When would we want to use type 1--given that also we have type 2? It persists, is shared, and is visible. So maybe we want to write some temporary data with one batch of queries, then perform some GUI operations on the result, then address the data with another set of queries, and so on. Possibly with project saves in between.

But in that case, why not use ordinary fixed tables (and drawings, and so on), within the project root? I don't have an answer for that one. Perhaps the main thing type 1 adds is confusion.


For the mechanics of using temporary databases of type 2, as well as Adam's notes above, the examples in these threads might be useful (though some of the code is incomplete or flawed in other ways).

http://www.georeference.org/forum/t138060.50#138161

http://www.georeference.org/forum/t138305.18#138380

adamw


10,447 post(s)
#19-Feb-18 08:19

1. Tim said it well. Indexes are a bigger deal in 9 than in 8 because we use them to do a lot more than before and because they are managed explicitly rather than implicitly. 8 is mostly creating temporary indexes on the fly. 9 is mostly using indexes that the data owner / transform / import / a similar operation set up for it. We agree there is some room for creating temporary indexes automatically, particularly with user's consent (perhaps a pragma that controls how wild the query engine can go), this is something we are considering doing.

2. Temporary databases are used to rearrange data / store temporary partial results outside of the main data source. Yes, creating temporary indexes on one or more tables is a good reason to use a temporary database. Another good reason is to create a temporary component, eg, create a filtered version of a drawing to perform spatial overlay with.

3. Temporary databases of type 2 (following Tim's classification, the type used in my query above) are destroyed automatically after the query that uses them completes. For an interactive query in the Command window, that means that they are destroyed automatically when the window is closed. As Tim says, you can destroy them earlier using DROP ROOT.

4. Not showing in the Project pane is a feature (of temporary databases of type 2), not a bug! :-) You use them *because* you don't want them to show up anywhere, not to step onto names of other components, etc. You might not even have permissions to write to the data source. If you do want something that does show up in the Project pane, create a regular data source component. This is simple, either interactively of from a query.

5. Yes, you may use multiple temporary databases including in the same query.

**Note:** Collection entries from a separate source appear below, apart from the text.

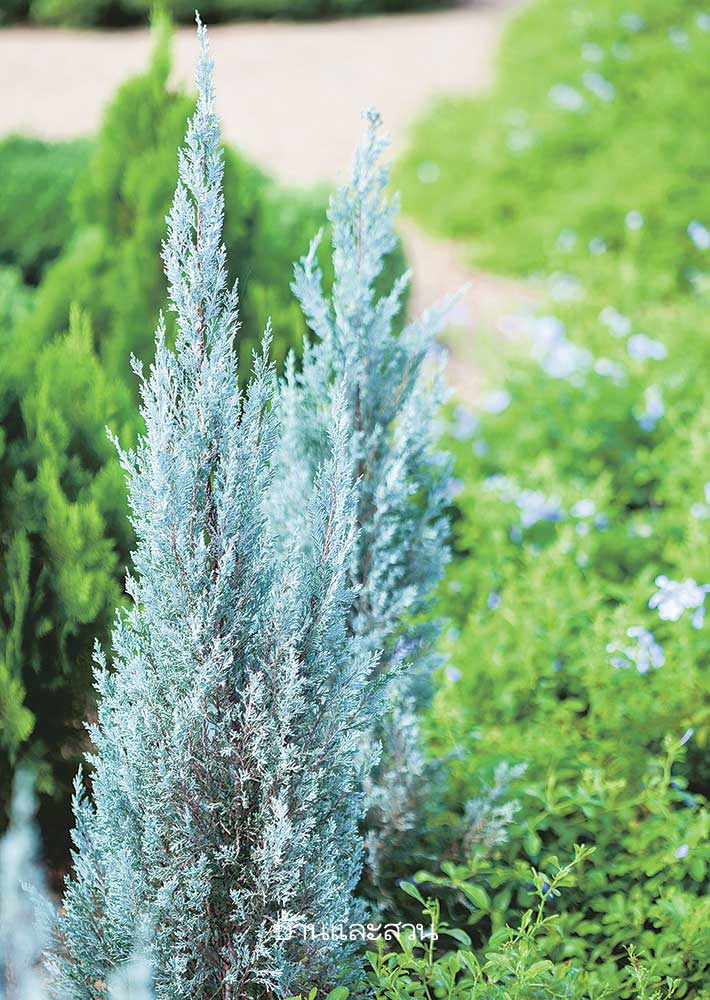 สนบลูเป็นอีกหนึ่งไม้ใบสีเงินที่น่าสนใจ มีใบขนนกสามชั้นเรียวเล็ก สีเขียวปนน้ำเงินเหลือบเทา ดูสว่าง รูปทรงต้นแบนปลายยอดแหลมแตกกิ่งเป็นพุ่มกลม ไม่พลัดใบ สนบลูปลูกเลี้ยงง่าย ชอบแดดมาก นิยมปลูกในกระถางตั้งประดับหน้าบ้านและปลูกเป็นแถวริมรั้ว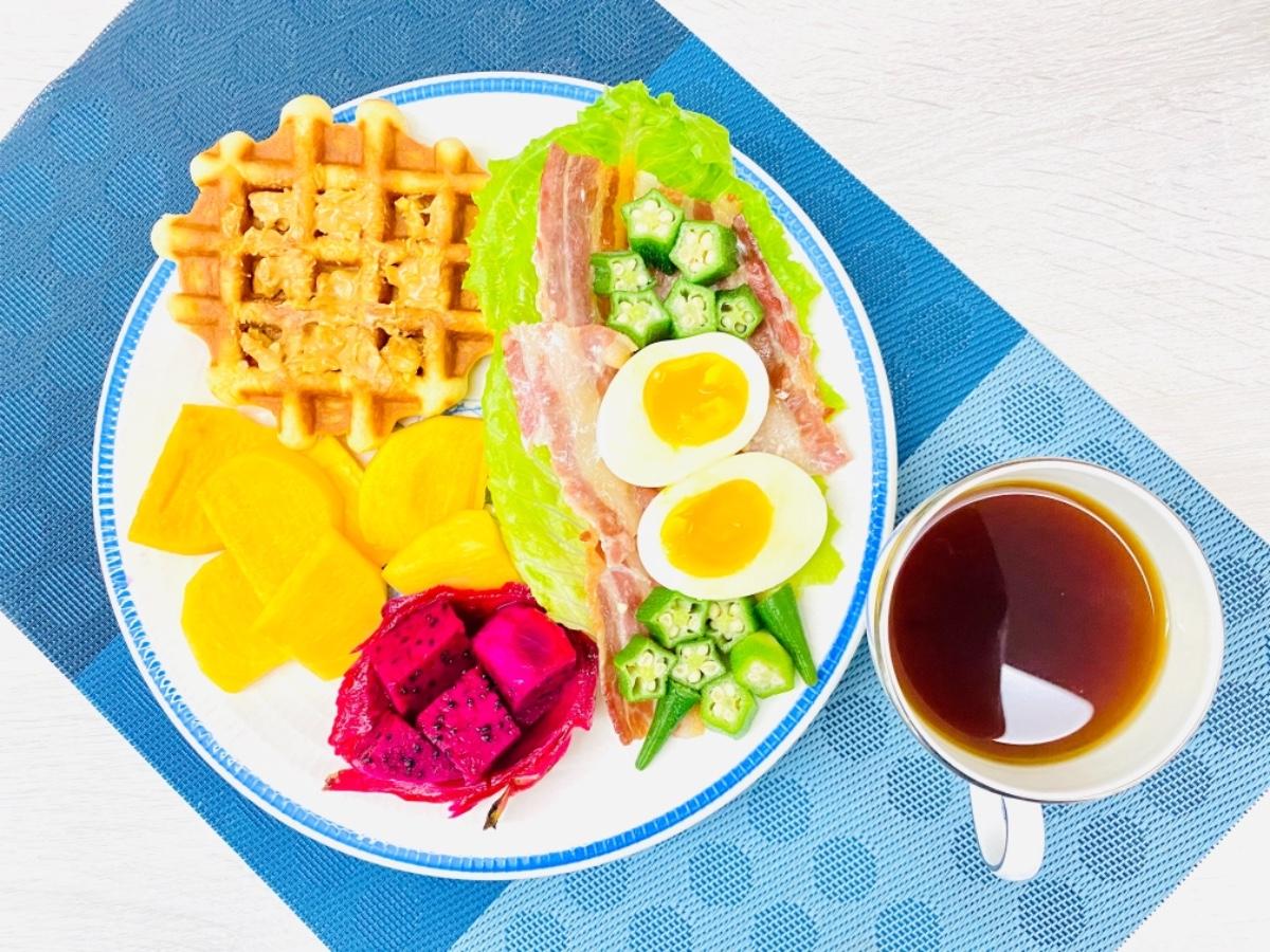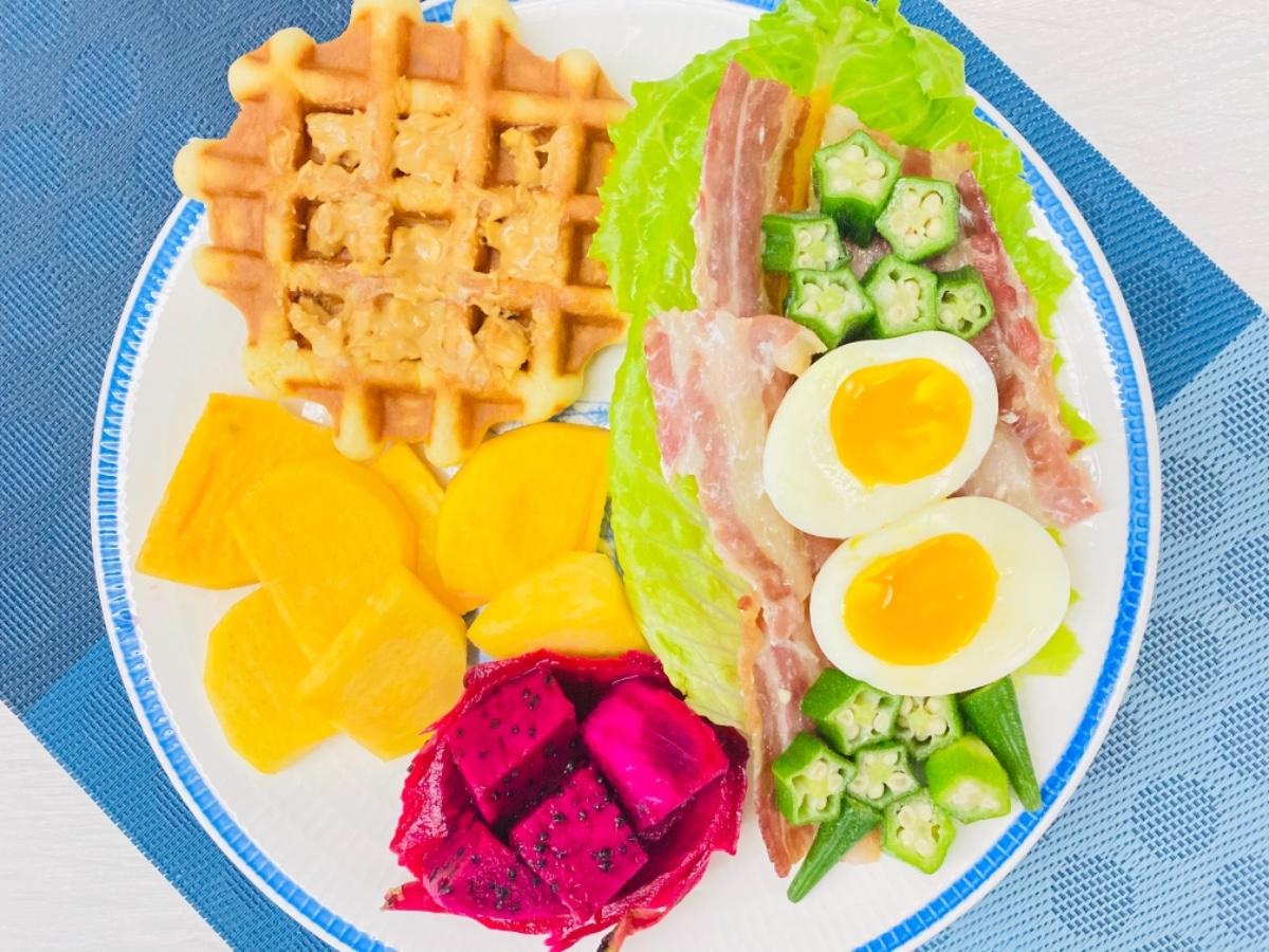 主食:培根水煮蛋生菜花生🥜醬鬆餅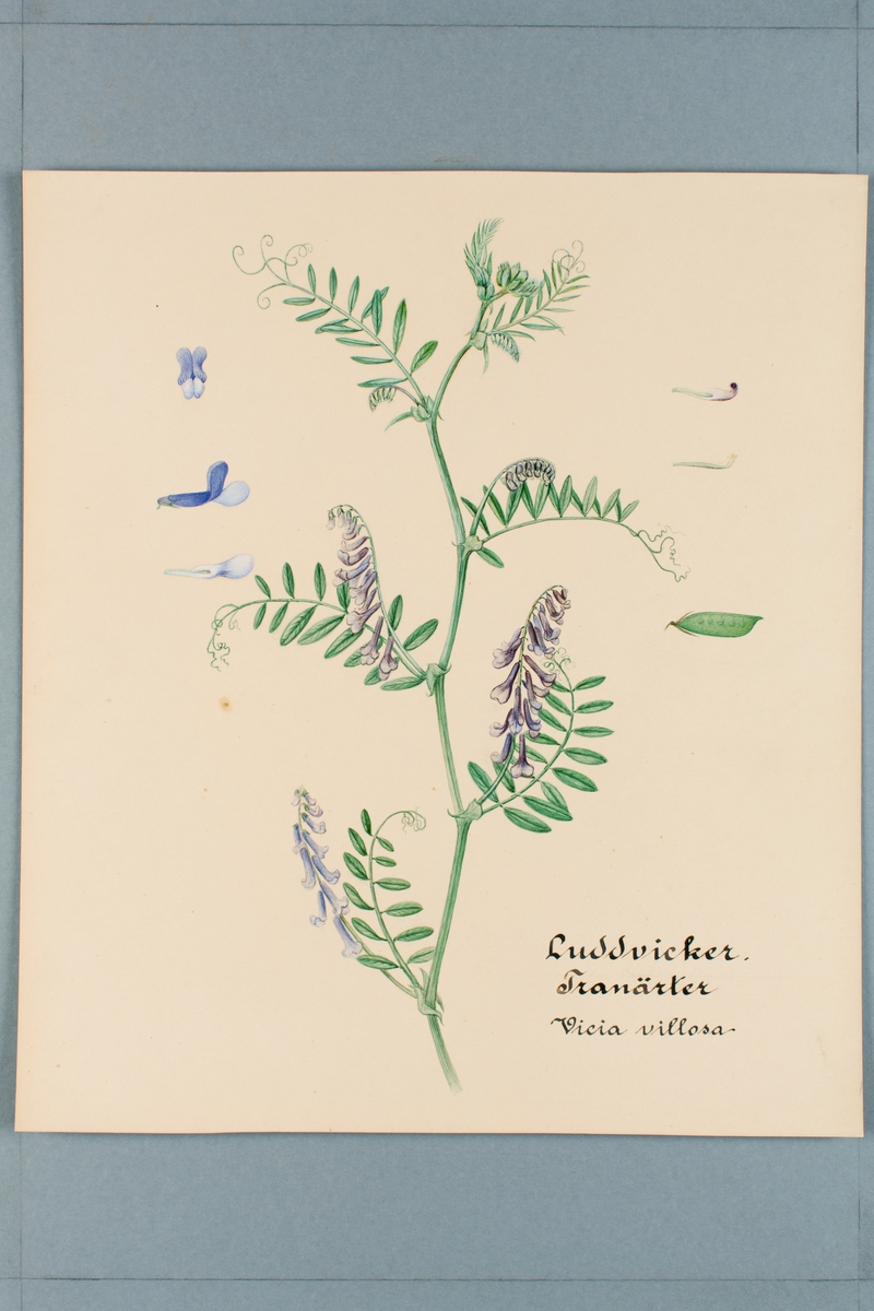 Sveriges kulturväxter. Illustration utförd av Henriette Sjöberg. Luddvicker/tranärter. Odlingsplats och datering saknas.

6. What's pros and cons of something like:

--SQLhypothetical

ALTER TABLE 

(Select * from [mfd_meta])

ADD INDEX [name_x] BTREEDUPNULL ([name])

    );

...compared to temporary database and what's the general picture?

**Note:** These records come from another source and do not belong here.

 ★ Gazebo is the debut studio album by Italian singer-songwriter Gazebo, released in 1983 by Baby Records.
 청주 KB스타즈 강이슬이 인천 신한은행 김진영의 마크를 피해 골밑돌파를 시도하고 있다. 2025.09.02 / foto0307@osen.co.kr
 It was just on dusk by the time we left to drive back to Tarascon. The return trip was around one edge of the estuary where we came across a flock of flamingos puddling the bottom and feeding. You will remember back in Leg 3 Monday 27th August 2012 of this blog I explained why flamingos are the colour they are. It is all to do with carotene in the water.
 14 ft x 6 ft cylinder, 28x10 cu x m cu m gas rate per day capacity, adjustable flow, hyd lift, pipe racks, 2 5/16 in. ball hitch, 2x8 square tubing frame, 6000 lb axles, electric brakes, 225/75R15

The most important question is this: do you need a persistent index on persistent data or a temporary index on temporary data? (Sometimes there is also an additional angle: do you own the data and do you have permissions / are willing to alter it? If not, we are talking about a temporary index on temporary data.)

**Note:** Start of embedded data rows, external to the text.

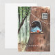 My children's book woodland illustration, featuring brown bear, daydreaming under the lullaby rain drops with a warm cup of herb tea. His tree home is decorated with fairy lights, because bear really likes holidays and festive moments. Magical forest scene on a rainy day. Cute bear in sweater watercolor and gouache illustration. Magical bear sweater weather illustration card. Bear children illustration card, whimsical bear woodland fairytale card, bear woodland nursery card.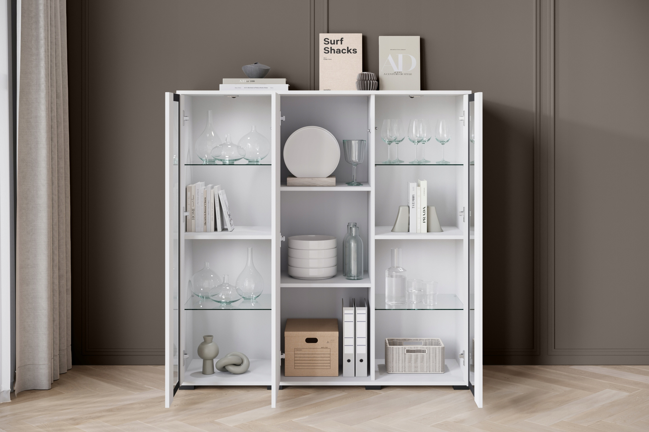 Szklane elementy można podświetlić oświetleniem LED co jeszcze bardziej uatrakcyjni komodę i stworzy idealny klimat w pomieszczeniu.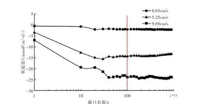 湍流紊動值計算采用滑動平均法,該方法中滑動平均窗口長度的選取對氧通量的計算結(jié)果影響很大,當(dāng)選取的窗口長度過小,會排除大尺度的紊動,造成通量低估;當(dāng)選取的窗口長度過大,會引入非穩(wěn)定成分,使得氧通量出現(xiàn)波動。為確定合適的窗口長度,將初始窗口長度設(shè)為1 s,計算該窗口長度下氧通量,之后逐漸增加窗口長度,重復(fù)進(jìn)行上述步驟,獲得不同窗口長度下的氧通量,當(dāng)通量達(dá)到穩(wěn)定時所對應(yīng)的窗口長度即為合適的窗口長度,計算過程如圖5所示??梢钥闯?,當(dāng)窗口長度為100 s時,不同水平流速下的氧通量均可保持穩(wěn)定,因此本次試驗(yàn)選取100 s作為最終窗口長度。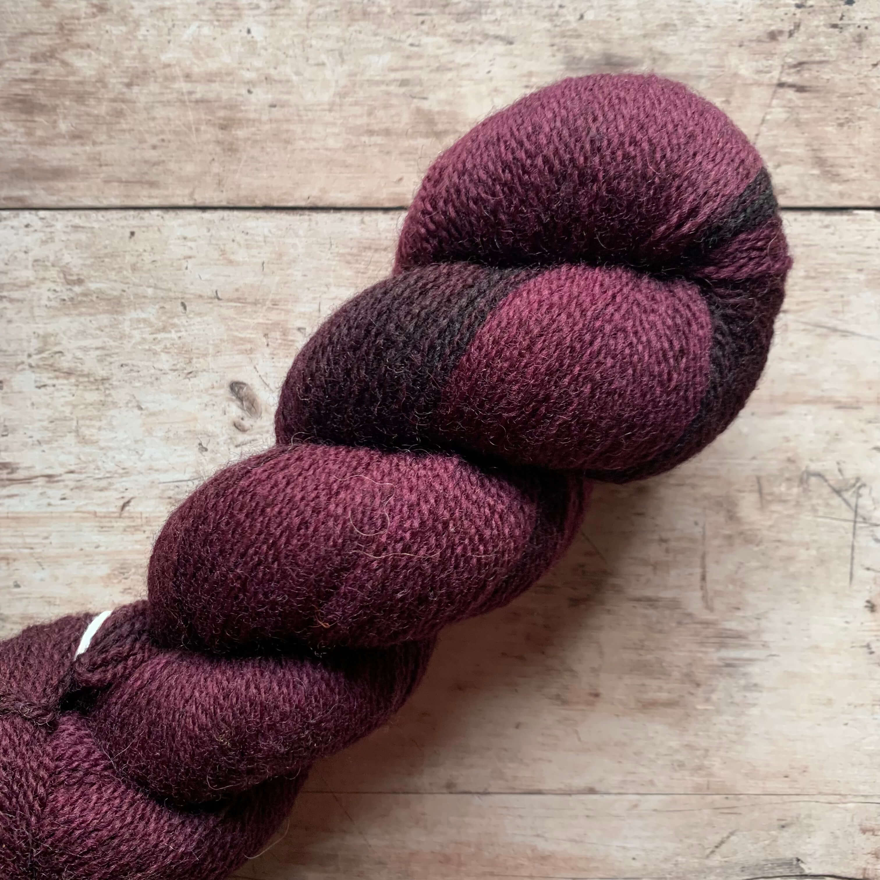 Three skeins of 4ply wool in deep plum purple

If you need a persistent index on persistent data, then things are very simple - just add it using the UI or using ALTER TABLE ...

If you need a temporary index on temporary data, there are plenty of choices:

  • You can create a regular temporary table which you will be able to see in the Project pane. You can copy the data there, create the indexes you want - you can do everything up to this point either interactively or using a query - and then use the indexed data for the analysis you wanted. Pros: simple and visual. Cons: temporary components take space, you have to care about the names of temporary components, perhaps adopting some prefix so that you can tell them from other components, and if there are too many temporary components, they might be getting in the way. All cons are solvable, of course.
  • You can create a data source for a regular MAP file which you will be able to see in the Project pane and host temporary components there. You can copy the data there, create the indexes you want, then use the indexed data for the analysis you wanted. Pros: as above, simple and visual, plus temporary components do not clash with non-temporary ones. Cons: queries become slightly more complex (SELECT * FROM t becomes SELECT * FROM d::t).
  • You can create a data source for a MAP file using a query, then create your temporary components and perform the analysis, then drop the data source. Pros: all space used by temporary components is automatically reclaimed at the end of the query and if something in the query goes wrong, you will have the data source hanging in the Project pane and be able to look into it and hopefully see what the problem was. Cons: as above, plus queries have CREATE DATASOURCE ..., DROP DATASOURCE ... .
  • You can create a temporary database that will persist for the duration of the query using CREATE ROOT. Pros: all space used by temporary components is automatically reclaimed at the end of the query, no name clashes whatsoever, main data source can be readonly. Cons: have to use CREATE ROOT / USE ROOT, etc.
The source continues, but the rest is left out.